Streaming & Entertainment
For casual players or someone who just wants to have an all-in-one media system, this may be an important decision. The Xbox One has been marketed to be the all-in-one media center.
The Xbox One and PlayStation 4 can play media such as Netflix, Hulu, Blu-Rays, and DVDs. You can watch your entire physical movie catalog without buying a separate disc player. But the Xbox One pulls ahead in this category with the added benefit of a 4K UHD player.
What’s your Gaming Budget?
There’s no doubt that current consoles give us the best gaming experience to date, but it comes at a price.

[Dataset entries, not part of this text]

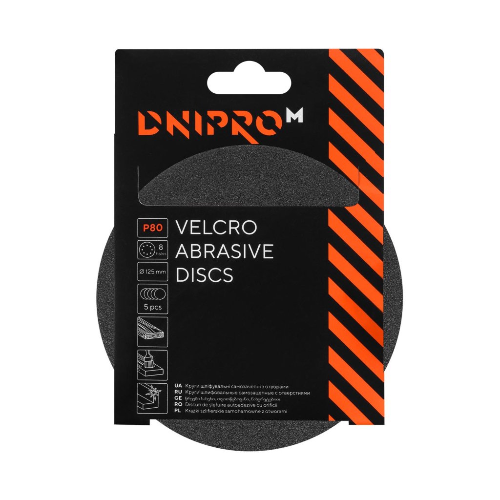 Brúsny kotúč na suchý zips P80 8 dr. 125 22,2 mm 5 ks. Dnipro-M
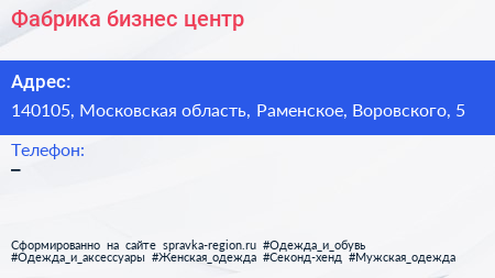 Фабрика, бизнес-центр по адресу 140105, Московская область, Раменское, Воровского, 5 в дальнейшем Организация, размещена в следующих категориях:
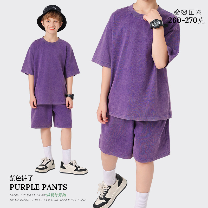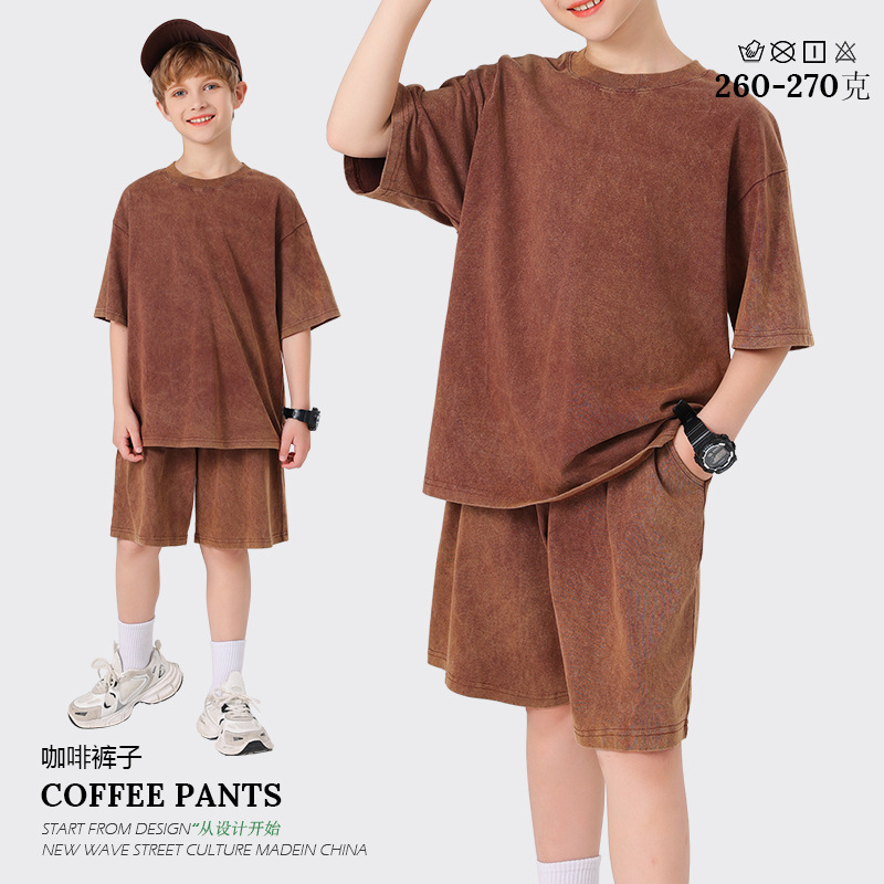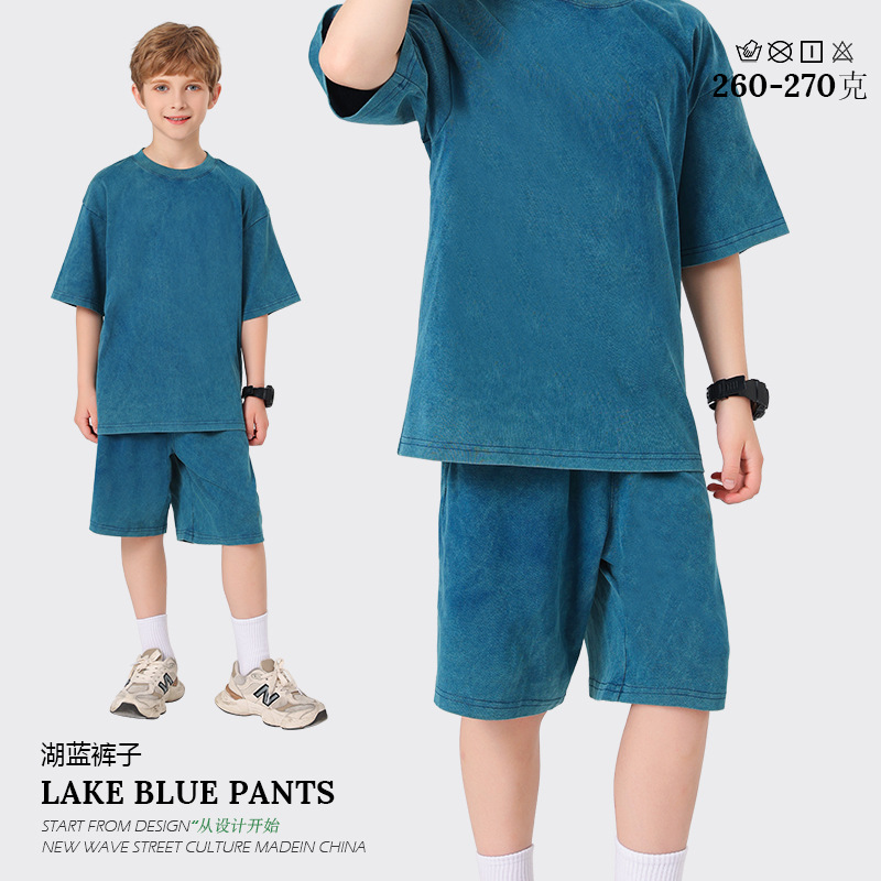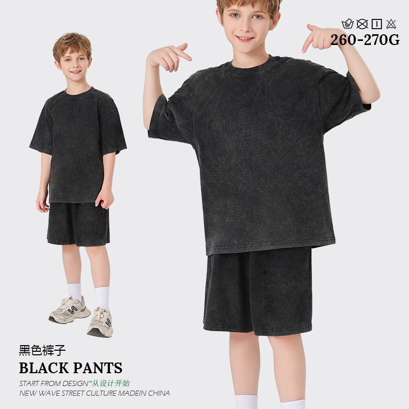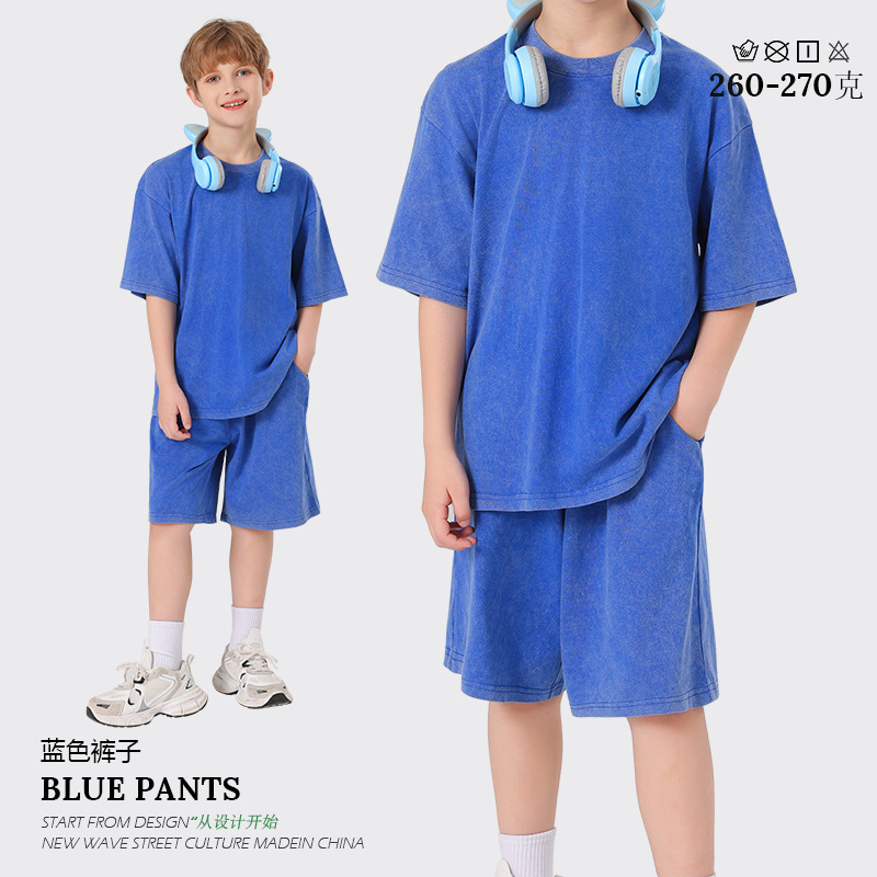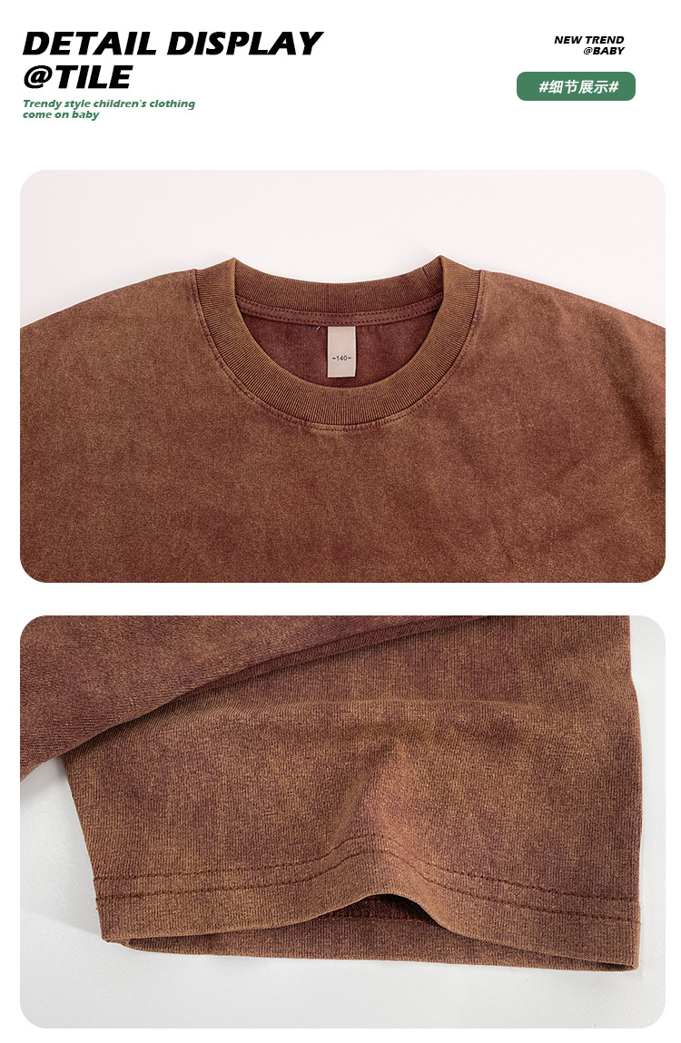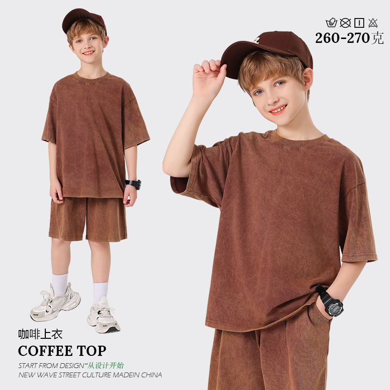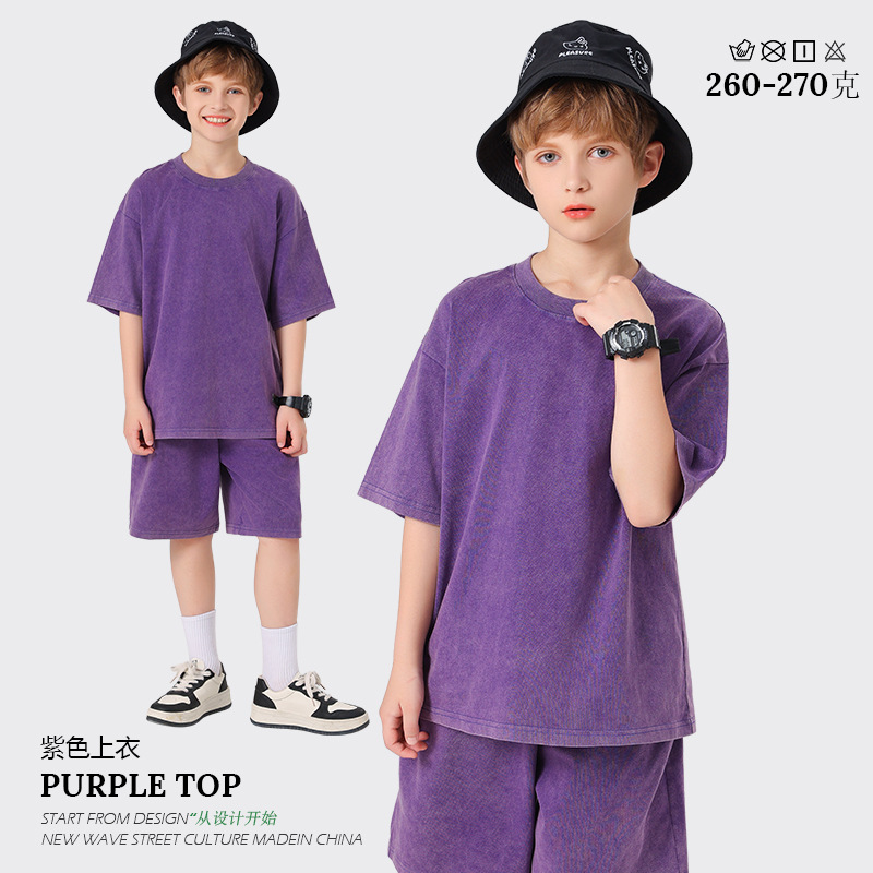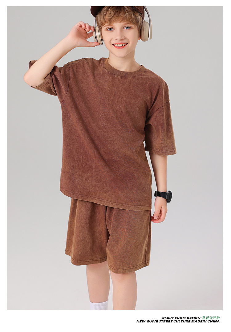 아동복 2025 봄 여름 단색 티셔츠 소매 반바지 유럽과 미국의 루즈한 아동용 솔티드 코튼 티셔츠 아동복스토어 가기

If you’re on a budget, you need to consider how much you’re willing to spend. Consoles themselves are already expensive. But you also have to take into account accessories, online services such as Xbox Live, PlayStation Plus or Nintendo Live, games, and any extras to enhance your gaming experience.

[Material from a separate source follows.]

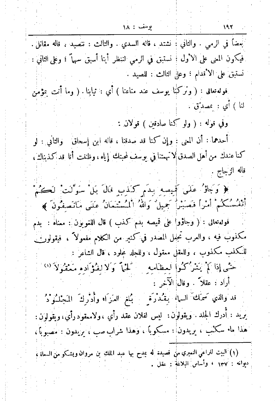 قوله تعالى وجاؤوا على قيصه بدم كذب قال اللغويون معناه بدم مكذوب فيه والعرب تجعل المصدر في كثير من الكلام مفعولا فيقولون للكذب مكذوب وللعقل معقول وللجلد مجلود قال الشاعر ... حتى إذا لم يتركوا لعظامه ... لحما ولا لفؤاده معقولا ...
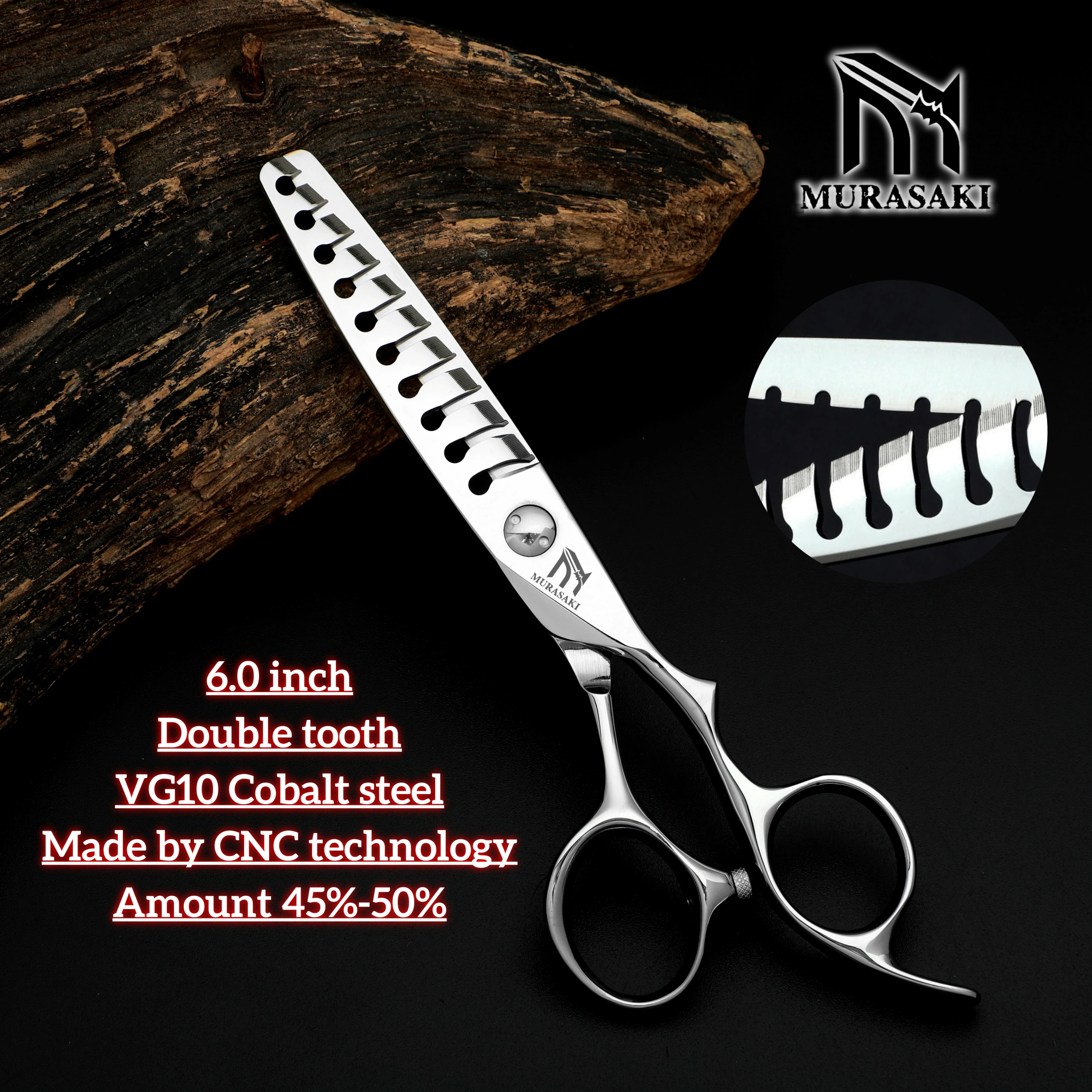 MURASAKI Professional Barber scissors,6.0 inch Double tooth hair thinning shears,Made by CNC technology,High-end barber tools

Looking for deals on bundles may be beneficial. Often, you can find a major retailer selling bundles with a game included for the price of the console itself; sometimes, instantly saving you at least $60.
Gaming for Kids
If you’re a parent shopping for a console for your child, you really need to consider the game selection for the console before you buy.
In this case, the Switch may be the best choice for kids as the selection of games are more kid-friendly than the PS4 and the Xbox One. That’s not to say that the PS4 and the Xbox One don’t have its share of kid-friendly games. But, these consoles were not initially made for younger audiences.
Also, take into account what parental control options are available such as time limits, game restrictions, internet restrictions, etc.